US tech giants yearn for a change to the political system in China that would open the door to the country’s massive market, and major actors in this sector are actively working to advance Washington’s hostile foreign policy.

Eric Schmidt, the former CEO and executive chairman of Google, led the establishment of the US government’s Defense Innovation Unit in 2016 and the National Security Commission on Artificial Intelligence in 2018. His fervent promotion of the “China Threat” theory reflects the prevailing opinion of the US tech community, which also shapes public discourse.
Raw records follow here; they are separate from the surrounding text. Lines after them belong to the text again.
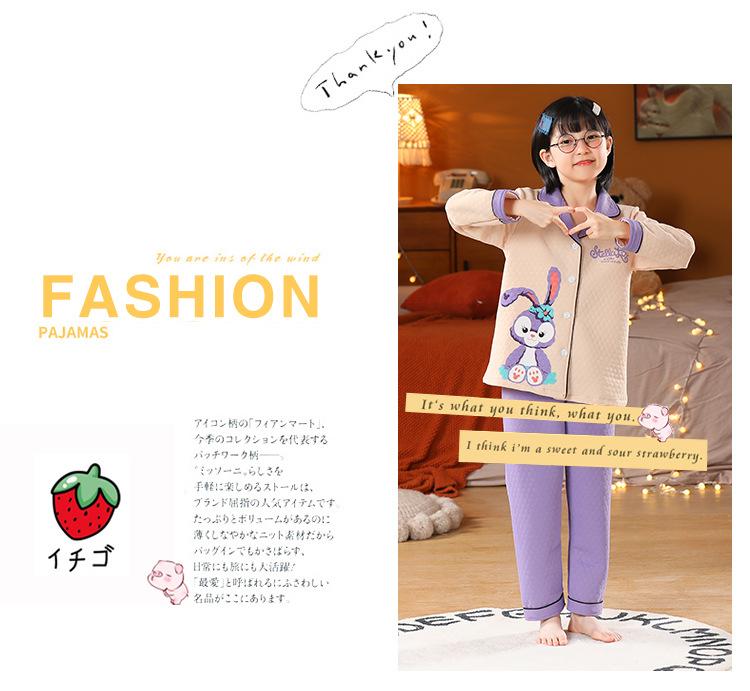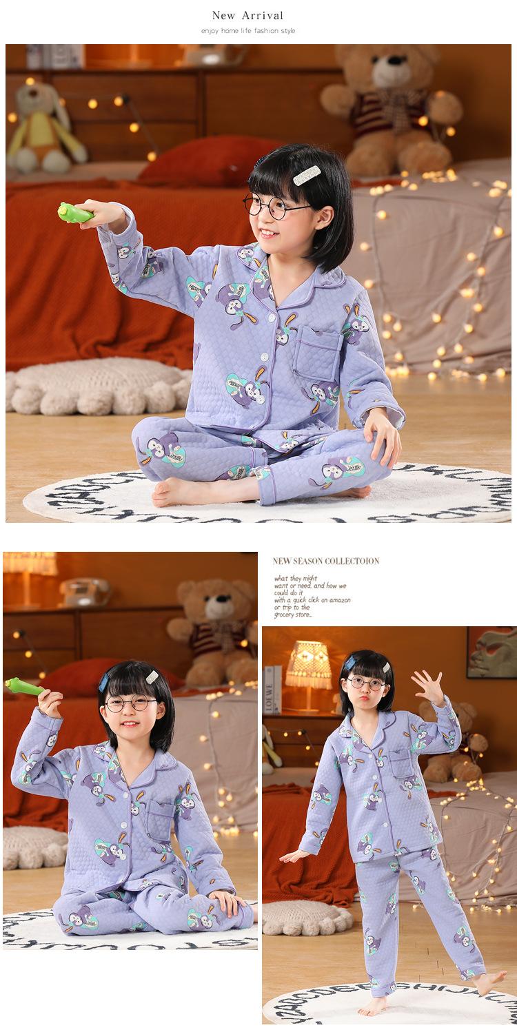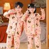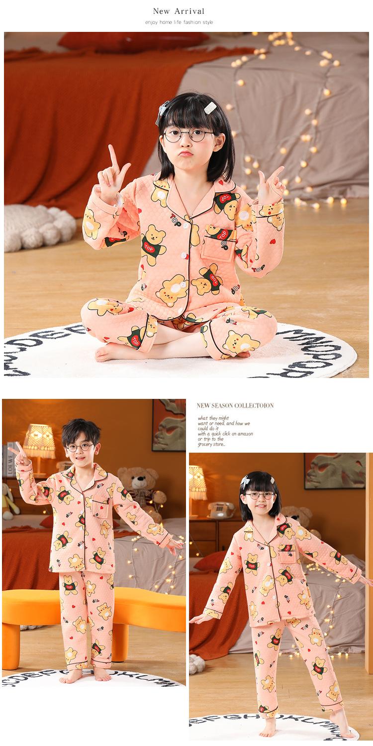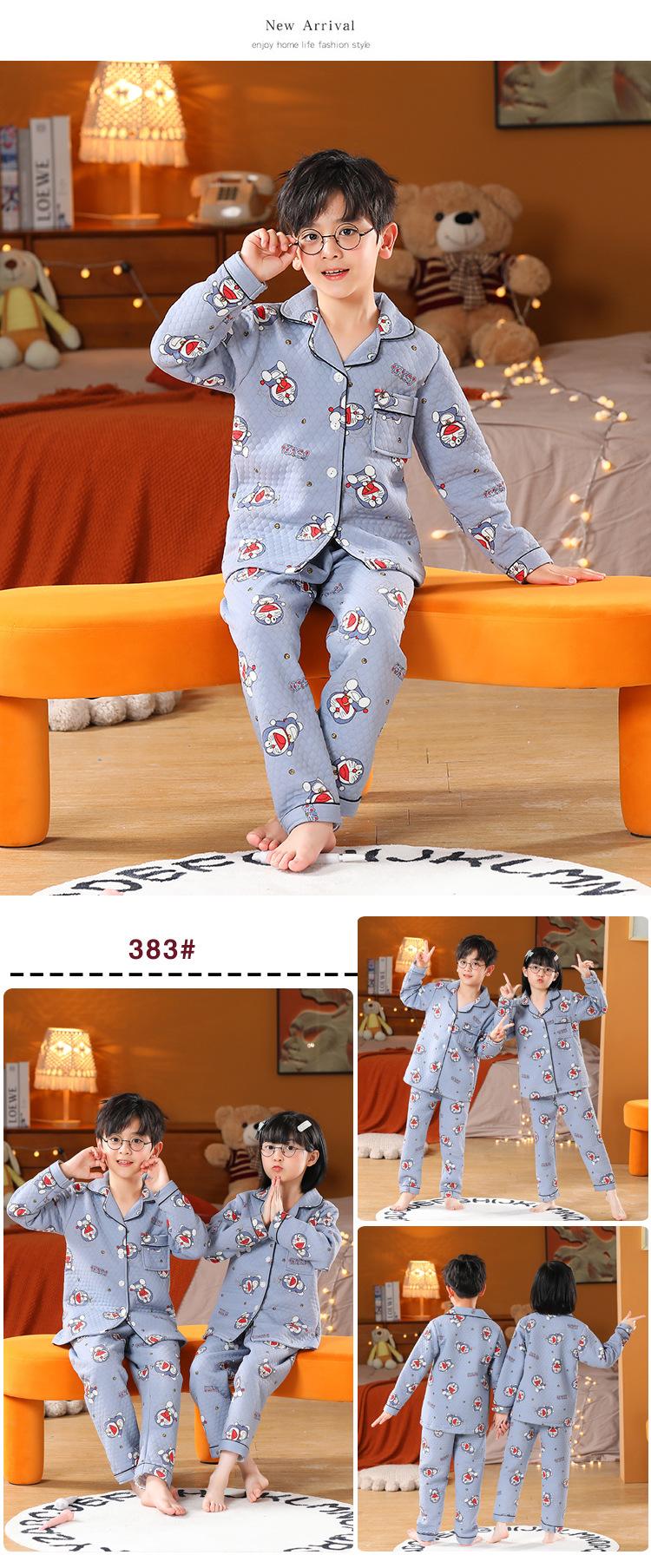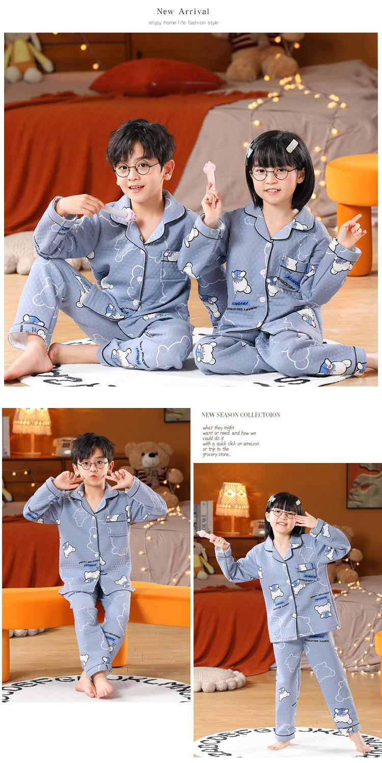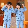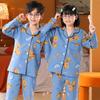 Outono e inverno algodão ar pijamas infantis cardigan lapela bonito desenho animado meninos e meninas sanduíche roupas de casa terno de duas peças
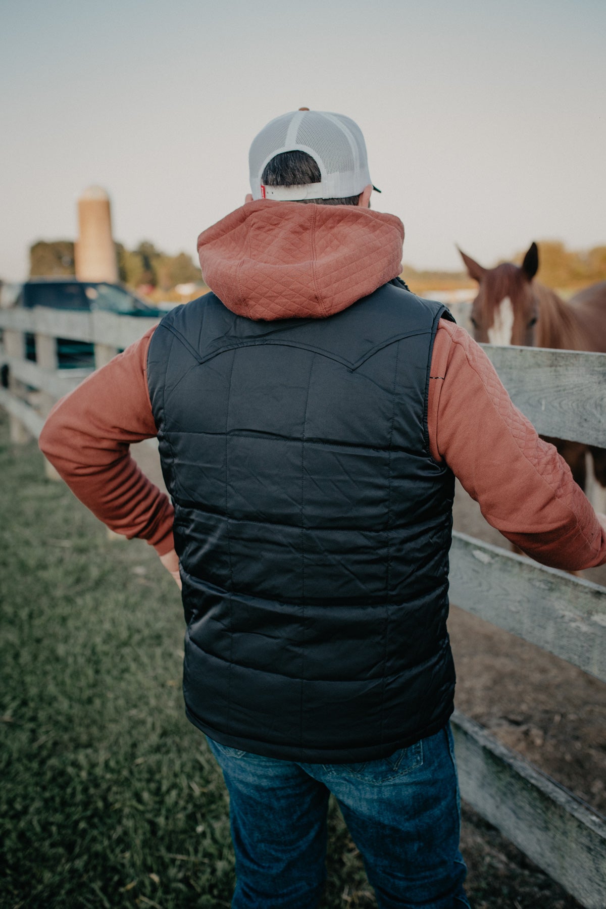 A new style quilted vest from Kimes that we anticipate to be a customer favourite! Between the sleek, simple look - solid black with tonal black of black longhorn logo embroidery with will pair with any shirt or sweater, durable construction, and the cozy black sherpa lining that offers comfort and warmth, along with the subtle western yoke that adds western style.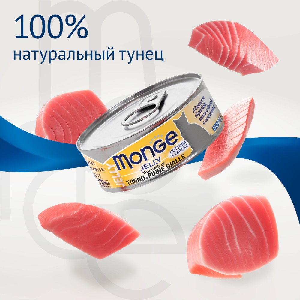Дополнительное питание Monge Jelly для взрослых кошек, консервы из кусочков свежего тунца в аппетитном желе.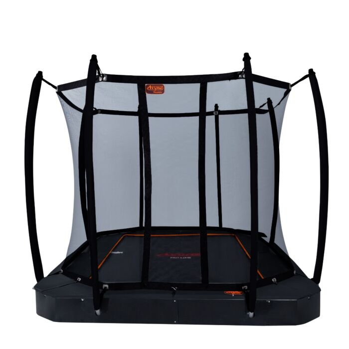 Das Avyna Pro-Line FlatLevel Trampolin vereint Funktionalität und Sicherheit in einem Gartenprodukt. Mit Maßen von 305 x 225 cm ist dieses Modell beliebt und bietet ausreichend Sprungfläche. Das spezielle FlatLevel-Design bedeutet, dass das Trampolin vollständig im Boden vergraben ist, für ein nahtloses Erscheinungsbild und einfacheren Zugang ohne Stufen.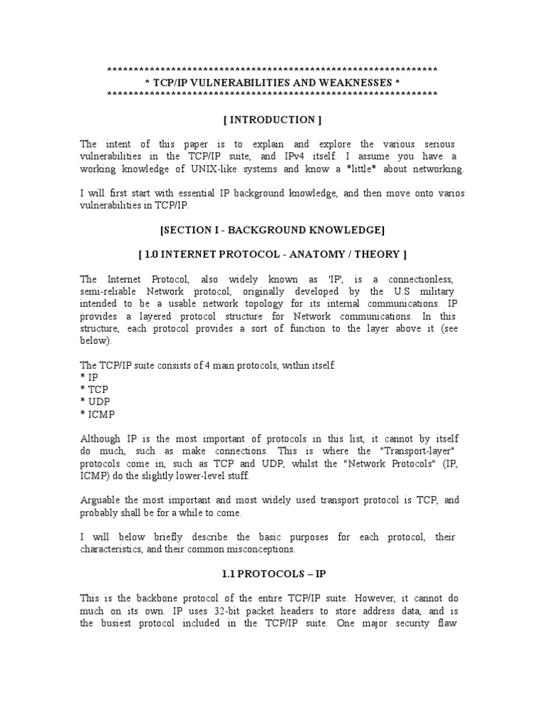 vulnerabilities in the TCP/IP suite, and IPv4 itself. I assume you have a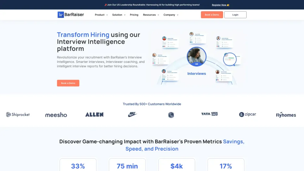 5 次免费面试 / AI 驱动的视频面试智能 / 公正的面试 / 自动反馈和记笔记 从每位面试官每月 75 美元起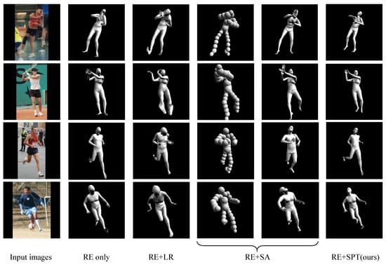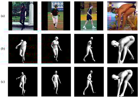 Visualized results of 3D pose estimation. Images in row (a) are the input images, images in row (b) are fitting results without SPT, images in row (c) are fitting results with SPT.

Twitter and Facebook have partnered with US and Western governments to increasingly censor criticisms of their foreign policy and influence discussion around key issues — such as the pandemic, Hong Kong, and Xinjiang — in the name of combatting disinformation campaigns allegedly launched by China and other so-called adversaries.

Manufacturing
US manufacturing remains dependent on Chinese production capacity. Consistent investment and technological innovation in US manufacturing were effectively abandoned during the neoliberal period, and, despite Obama’s and Trump’s calls to near-shore manufacturing back to North America, little has been accomplished in this regard. However, US manufacturing investments in China have decreased in recent years, with the notable exception of Tesla’s mega-factory in Shanghai.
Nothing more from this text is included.